I am not sure if the is.na() function would work here, as the values are not NA. If I convert my dataset into a matrix, and after searching for '?' , replace it with 0, would that help?
I tried this code:
datafile <- sapply(datafile, function(y){if (y=='?') 0 else y})
after this I saved the file as a text file, but the ? didn't go away.
You don't even need to convert to a matrix. As Ben Bolker said, your best option is to use na.strings when reading in the file.
If the data frame is not coming from a file, you can directly do:
df[df=="?"] <- 0
You have to remember though that anything containing character might be converted to a factor. If that's the case, you have to convert those factors to character.

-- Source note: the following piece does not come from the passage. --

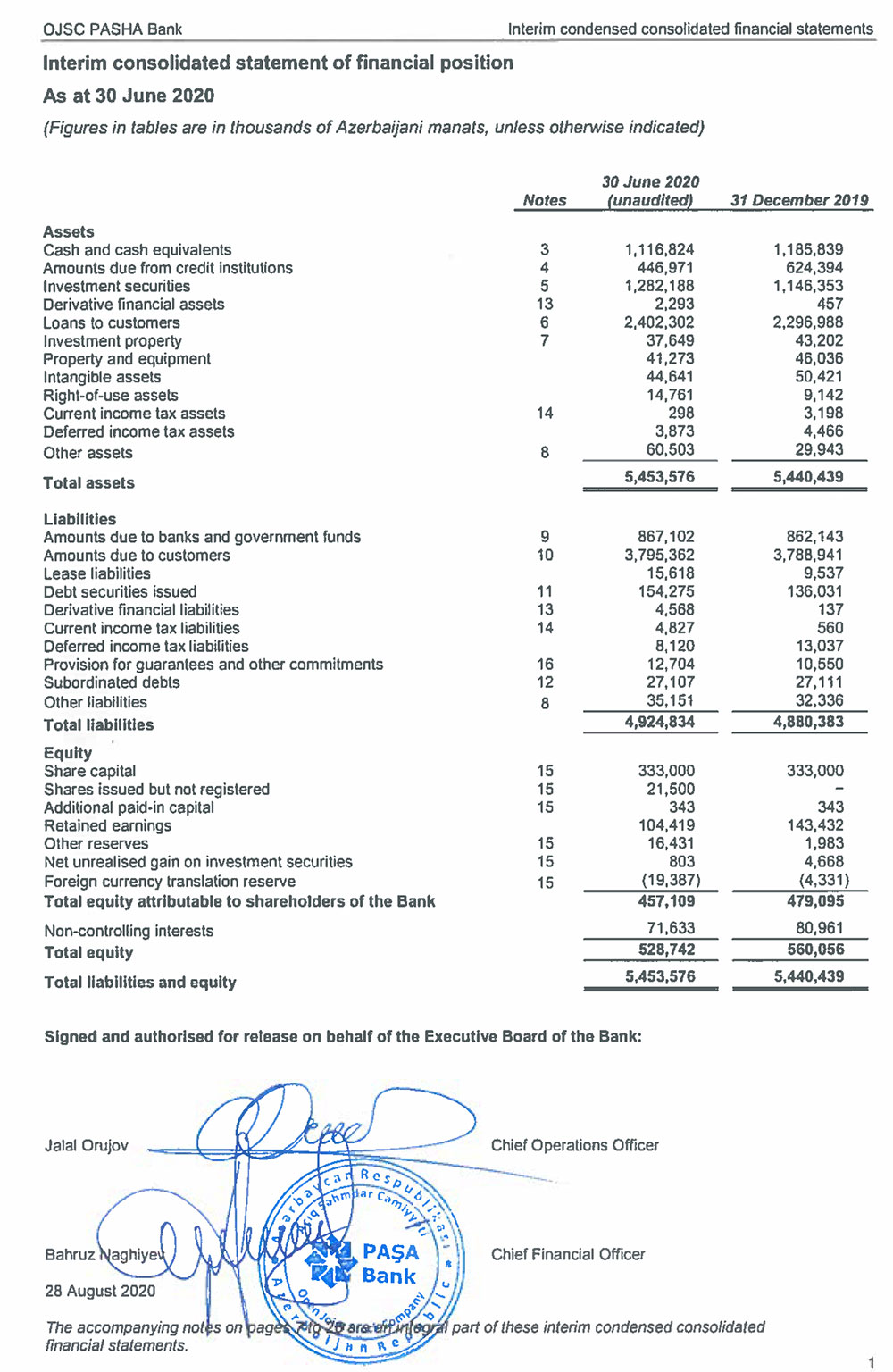 Konsolidə edilmiş hesabat PAŞA Bank qrupunun (PAŞA Bank Azərbaycan, PAŞA Bank Gürcüstan və PAŞA Bank Türkiyə) maliyyə nəticələrini əks etdirir.

Ben gives you a brute force option, here's a more gentle approach:
# check which variables are factors
isfactor <- sapply(df, is.factor)
# convert them to character
# I use lapply bcs that returns a list, and I use the
# list-like selection of "elements" (variables) to replace
# the variables
df[isfactor] <- lapply(df[isfactor], as.character)
So if you put everything together, you get:
df <- data.frame(
a = c(1,5,3,'?',4),
b = c(3,'?','?',3,2)
)
isfactor <- sapply(df, is.factor)
df[isfactor] <- lapply(df[isfactor], as.character)
df[df=="?"] <- 0
df
It depends whether you have other NA values in your data set. If not, almost certainly the easiest way to do this is to use the na.strings= argument to read.(table|csv|cv2|delim), i.e. read your data with something like dd <- read.csv(...,na.strings=c("?","NA"). Then
dd[is.na(dd)] <- 0
If for some reason you don't have control of this part of the process (e.g. someone handed you a .rda file and you don't have the original CSV), then it's a bit more tedious -- you need
which.qmark <- which(x=="?")
x <- suppressWarnings(as.numeric(as.character(x)))
x[which.qmark] <- 0
(This version also works if you have both ? and other NA values in your data)
I recently had a problem in which everytime I read a csv file containing a table with values, R read it as a list format instead of numeric. As no thread provided me the entire answer for my situation, once I was able to make it run I decided to include here the script that worked for me in hope that it is useful to someone. Here it is, with some description and some options in case you need it:
(1) Read the data from a csv file. Here the file has no header, so I put F, if yours have a header, then change it to T.
data <- read.csv("folder_path/data_file.csv", header=F)
(1.a) Note: If you get a warning that says "incomplete final line found by readTableHeader", that means that R did not find an end-of-file symbol. Just put an extra empty line at the end in the csv file and the message will not show up again.
(2) You can check that the data is in list format (if it is numeric, then you are all set and don't need this procedure at all!) with the mode command.
mode(data)
(3) Initialize a matrix (as NA) where you want the data in numeric format, using the dimensions of data.
dataNum <- matrix(data = NA, nrow = dim(data)[1], ncol = dim(data)[2])
(4) OPTIONAL: If you want to add names to your columns and/or rows, you could use one if these options.
(4a) Add names to the columns and rows, assuming that each have similar information, in other words you want the names to be col_1, col_2, ... and row_1, row_2, ...
colnames(dataNum) <- colnames(dataNum, do.NULL = F, prefix = "col_")
rownames(dataNum) <- rownames(dataNum, do.NULL = F, prefix = "row_")
(4b) If you want different names for each column and each row, then use this option instead and add all the names by hand.
colnames(dataNum) <- c("col_name_1", "col_name_2")
rownames(dataNum) <- c("row_name_1", "row_name_2")
(5) Transform the data from list to numeric form and put it in the matrix dataNum.
for (i in 1:dim(data)[2]) {
dataNum[,i] <- c(as.numeric(data[[i]]))
}
(6) You can check that the matrix is in numeric format with the mode command.
mode(dataNum)
(7) OPTIONAL: In case you would like to transpose the matrix, you can use the following instruction.
dataNum <- t(dataNum)
Here is a shorter/faster way to turn your data.frame into a numeric matrix:
data <- data.matrix(data)
There is also
data <- as.matrix(data)
but one important difference is if your data contains a factor or character column: as.matrix will coerce everything into a character matrix while data.matrix will always return a numeric or integer matrix.
data <- data.frame(
logical = as.logical(c(TRUE, FALSE)),
integer = as.integer(c(TRUE, FALSE)),
numeric = as.numeric(c(TRUE, FALSE)),
factor = as.character(c(TRUE, FALSE))
)
data.matrix(data)
# logical integer numeric factor
# [1,] 1 1 1 2
# [2,] 0 0 0 1
as.matrix(data)
# logical integer numeric factor
# [1,] " TRUE" "1" "1" "TRUE"
# [2,] "FALSE" "0" "0" "FALSE"